Market Niche, Market Position, Brand Awareness: If a company fills a definable niche, commands a special leadership position in a niche or niches, or enjoys favorable brand recognition in its industry, the business probably enjoys higher profit and growth rates. It should also be easier to grow the business in the future. As such, buyers will pay more.

Low Debt: While debt is not really a value driver, it substantially affects the net-cash received by the seller. When a business is sold, the seller basically sells the net equity of the business. Whether the sale is effected by a sale of the business’ assets or shares of stock, something must be done with the debt of the business. If the buyer assumes the debt, he or she will do so as a form payment to you, lowering the cash you get at closing. Further, in an asset sale you’ll owe federal and state taxes on the amount of debt assumed by the buyer. If the buyer does not assume the debt, the seller will have to pay off the borrowing with after-tax dollars.

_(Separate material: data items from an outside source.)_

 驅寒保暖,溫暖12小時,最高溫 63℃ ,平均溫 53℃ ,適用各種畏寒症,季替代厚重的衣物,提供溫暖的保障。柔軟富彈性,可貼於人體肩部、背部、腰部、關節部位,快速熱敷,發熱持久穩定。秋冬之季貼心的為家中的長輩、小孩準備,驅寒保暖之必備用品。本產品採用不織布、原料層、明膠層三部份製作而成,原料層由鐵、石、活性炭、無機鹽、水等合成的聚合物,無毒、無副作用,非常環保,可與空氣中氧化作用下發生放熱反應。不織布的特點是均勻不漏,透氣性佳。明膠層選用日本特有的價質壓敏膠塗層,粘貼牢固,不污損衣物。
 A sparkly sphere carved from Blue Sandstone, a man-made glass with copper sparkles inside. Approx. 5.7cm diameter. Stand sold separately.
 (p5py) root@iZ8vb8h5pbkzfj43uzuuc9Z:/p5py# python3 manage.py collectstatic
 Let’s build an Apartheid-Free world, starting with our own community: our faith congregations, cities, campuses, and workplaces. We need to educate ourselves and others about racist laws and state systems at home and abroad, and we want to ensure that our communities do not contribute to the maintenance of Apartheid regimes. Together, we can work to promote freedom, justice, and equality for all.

Interim Results: Buyers are interested in what the business will do in the future. The most tangible indicator is the past, with an emphasis on near-term trends. Strong current performance can justify higher prices, and a dip in performance will certainly hinder value (if not turn away the buyer entirely).

Minimal Off-Balance-Sheet Liabilities/Contingent Risks: Risk and uncertainty lower values. If elements such as the following exist, correct them, wait for the issue to subside before attempting to sell your business, or be prepared to indemnify (i.e., protect) the buyer post-closing, in a real and meaningful way, from any financial loss the buyer may suffer from them post-closing:

  • Existing or pending litigation (of a material nature)
  • Real or possible environmental liability (of a material nature)
  • Lease or other “right to use” problems or uncertainties
  • Significant acute industry or market uncertainty
  • Customer concentration

Low Future Capital Expenditure Requirements: For the business to earn the profits projected by the buyer, or to continue to expand, how much money must be spent? Can the existing assets and staff handle the production requirements for the foreseeable future or will new dollars have to be spent to replace, expand or— worst case— relocate? Future capital expenditure needs will have to come out of future profits, thereby lowering the value of the business.

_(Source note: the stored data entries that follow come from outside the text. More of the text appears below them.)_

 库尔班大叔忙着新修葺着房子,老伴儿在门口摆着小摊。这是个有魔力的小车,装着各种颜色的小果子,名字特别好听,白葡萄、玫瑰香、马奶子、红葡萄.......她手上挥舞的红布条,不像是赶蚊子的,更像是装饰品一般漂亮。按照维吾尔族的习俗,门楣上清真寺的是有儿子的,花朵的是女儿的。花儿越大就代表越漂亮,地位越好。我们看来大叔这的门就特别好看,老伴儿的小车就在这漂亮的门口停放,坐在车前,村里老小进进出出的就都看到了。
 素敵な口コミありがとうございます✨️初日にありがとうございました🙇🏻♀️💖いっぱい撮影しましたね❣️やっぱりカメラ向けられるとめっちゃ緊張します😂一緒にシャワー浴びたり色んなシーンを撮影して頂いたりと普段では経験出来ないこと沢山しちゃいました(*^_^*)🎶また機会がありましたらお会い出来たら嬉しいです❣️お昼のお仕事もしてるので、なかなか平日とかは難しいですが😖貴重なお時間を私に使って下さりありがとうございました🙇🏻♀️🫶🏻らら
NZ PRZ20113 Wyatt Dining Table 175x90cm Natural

Organized, Detailed and Credible Financial Information: Financial statements present the financial condition and performance of a company. To the extent that a buyer feels certain your reports are accurate and may be relied on, his or her perceived risk will be lower— especially when it comes to income statement recastings. So keep detailed and accurate books and records (especially with respect to recast items) that will garner comfort and confidence. But audited statements are not necessary and not worth the expense for small and midsize companies.

Clean, Organized, Safe and Pleasant Appearance: Does the business “show well?” Is it attractive in appearance? Is the facility clean, painted and bright? Does the office appear clean and organized or cluttered and unprofessional? Are the logo, marketing materials and website up to date, and do they convey a positive, vibrant image? Just as a clean and waxed car sells for more, so will a business.

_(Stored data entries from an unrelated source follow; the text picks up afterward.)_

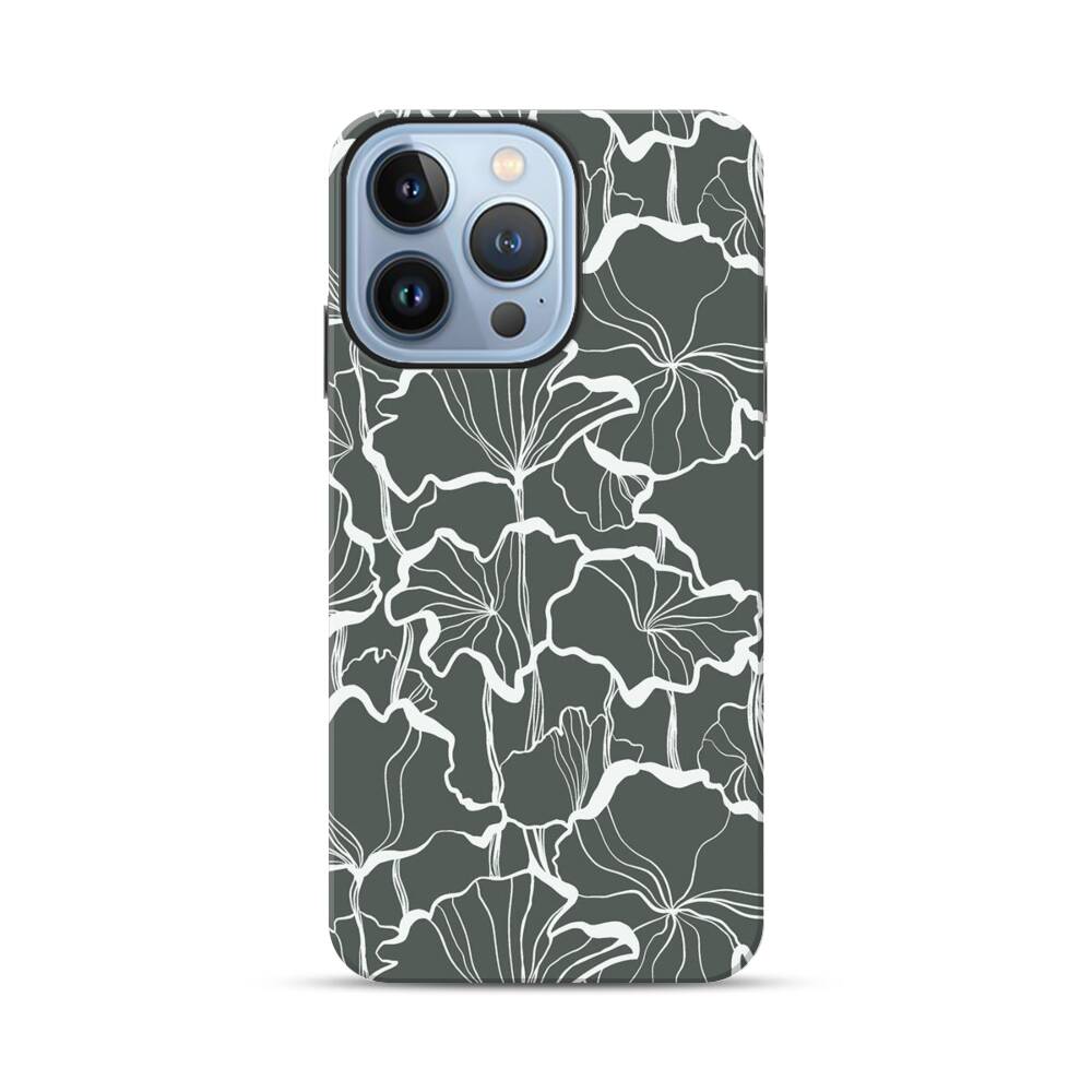 Graue Ginkgo Blätter Apple iPhone 13 Pro Max Hybrid Case● Rundum bedruckbar
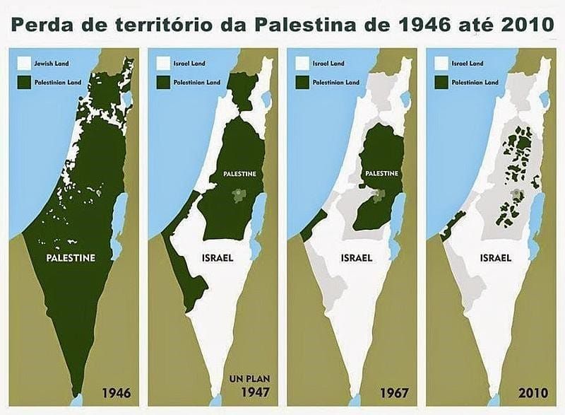 Fronteiras políticas entre a Palestina e a ocupação sionista desde 1948. Reprodução: Brasil de Fato.
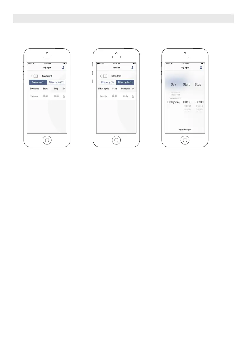 Touch the Economy tab to modify the economy schedules and Filter cycle tab for the filtration schedules. You can add
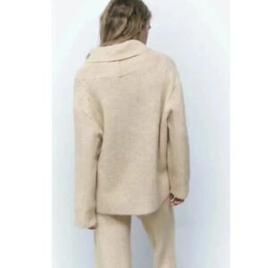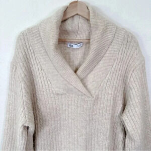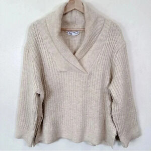 Zara Women's Size Small Cable Ribbed Oversized Beige Sweater

A Growth Plan: Buyers are interested in the future. Lay out a path for significant future growth and profit and —to the extent the buyer believes he can make it happen— he might be willing to pay more. At times, much more.

No business will have all of these in spades, of course, but the business owner who wishes to build the value of his or her enterprise (i.e., Enterprise Value) should work to build these elements as best he/she can, and mitigate the most glaring weaknesses. Packaging, Process and Dealmaker Skill greatly impact Sale Value, but Enterprise Value is the anchor.

How do we know? We sell business for a living. We’ve worked with thousands of buyers on hundreds of deals. We know what buyers want and what influences the price they pay. Now you do, too.